四人圍著火堆閑話至夜深,從天南地北聊到各家師承,除去涉及私密之事,無話不可談。


    也讓雲無玉大概了解到南界頂流破天行會與玄天道等的大概構成。


    ——玄天道為組合型盟會,以原初麾下二堂(破軍、神機)為首,收並玄虛、真言、靈圖三觀及青龍、白虎、朱雀、玄武四象宮七大勢力組合而成的龐大盟會,現今盟會核心駐地坐落於南界南華城,盟會秉持兼愛、平等之教義,其會眾及教義信眾遍及南界不下於十萬眾,是為南界乃至整個帝國最大的江湖勢力,會主名為麟琰,現二十七歲極具信力,在盟眾及南界平民眼中是神祇一般的存在。


    而破天行會則是比較傳統的江湖勢力,內部構成為江湖幫派常具的:內門、外門、刑律、財政、庫務五堂,各設一正二副三位堂主。外門為普通弟子共五千名、內門為精英弟子共九百名,其餘三堂則各有骨幹百十,五堂及門外遍及破天行會所懾南陽、金陽、南楚三城記名弟子、編外人員總攝萬眾。破天行會秉持鋤強扶弱、仗義疏財之鐵律,在混沌江湖中也算是難得的清流。

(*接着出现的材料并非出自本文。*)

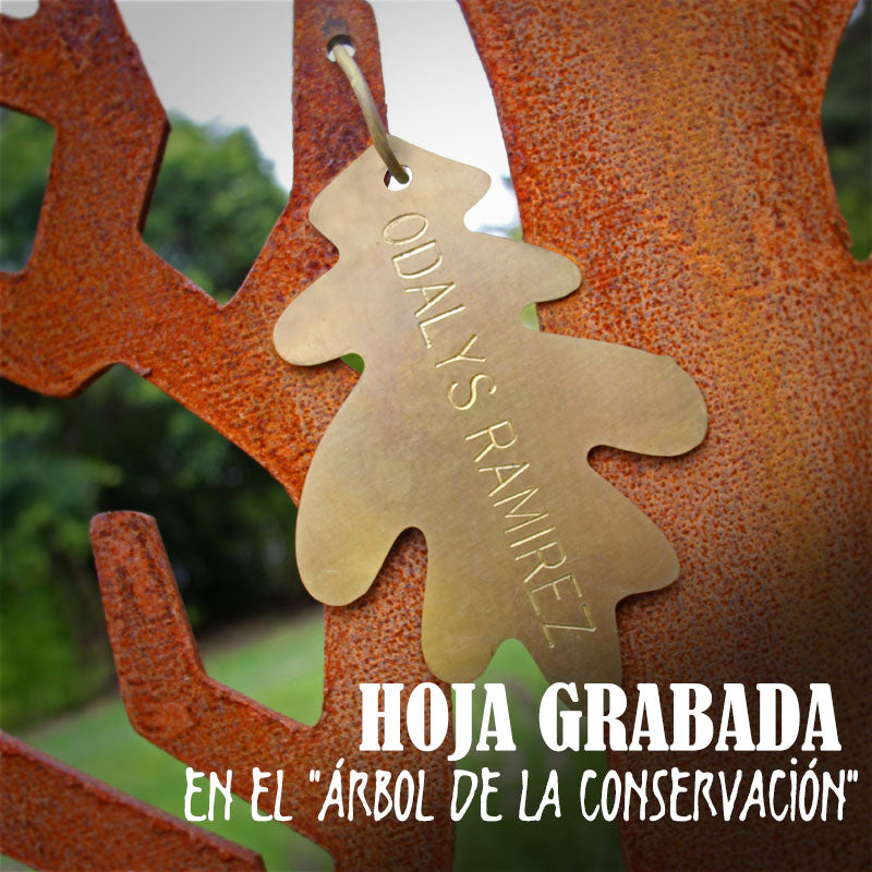 - Registro fotográfico de la hoja grabada en el "árbol de la conservación"

    與鳳庭學宮不同,玄天道的教習並沒有門牆之分,隻要有足夠的天賦支撐,盟眾可隨時在九門之中任何一門修習技藝,譬如竹雪雖為破軍堂下弟子,卻身兼玄虛觀道術與青龍宮雷相魔法。盟會成立以來,曆屆幻天勝境曆練先由九門門眾投票推舉,再以武鬥方式擇優選取八人,盡量以公平公正為前提,如此行事的好處是每屆所選都是盟下最為精銳的青少弟子,而有時也不可避免的出現某一門占據半壁江山的境況,譬如此屆破軍堂下便占了三人、玄虛觀占了兩位;神機堂、青龍宮、朱雀宮各得一位,而其餘四門全部落選。

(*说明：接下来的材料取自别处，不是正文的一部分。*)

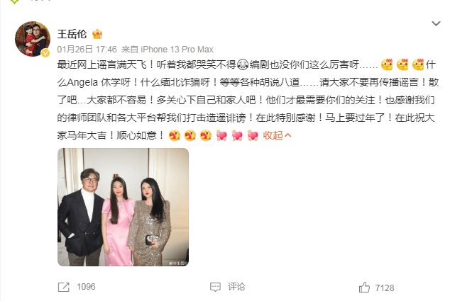 2026年1月26日,导演王岳伦突然发文辟谣,点名驳斥“王诗龄休学”和“前妻李湘涉缅北诈骗”两大传言,称其荒诞离谱,呼吁公众停止传谣,但回避了李湘账号被封禁

    破天行會專精散手、體術,會眾十之八九皆以會主林霜刃所傳的內勁真訣《破天九勁》、拳術《形意八法》為修習根本。蓋因破天會下多為平民,對於兵械之法少有研習,而林霜刃以一雙神拳威震南界,從者自然以修習白手散數為榮,張山便是會主林霜刃的死忠。而趙夢涯、東方劍屬於帶藝來投的另類,以林霜刃恢宏氣度自是容得天下英雄。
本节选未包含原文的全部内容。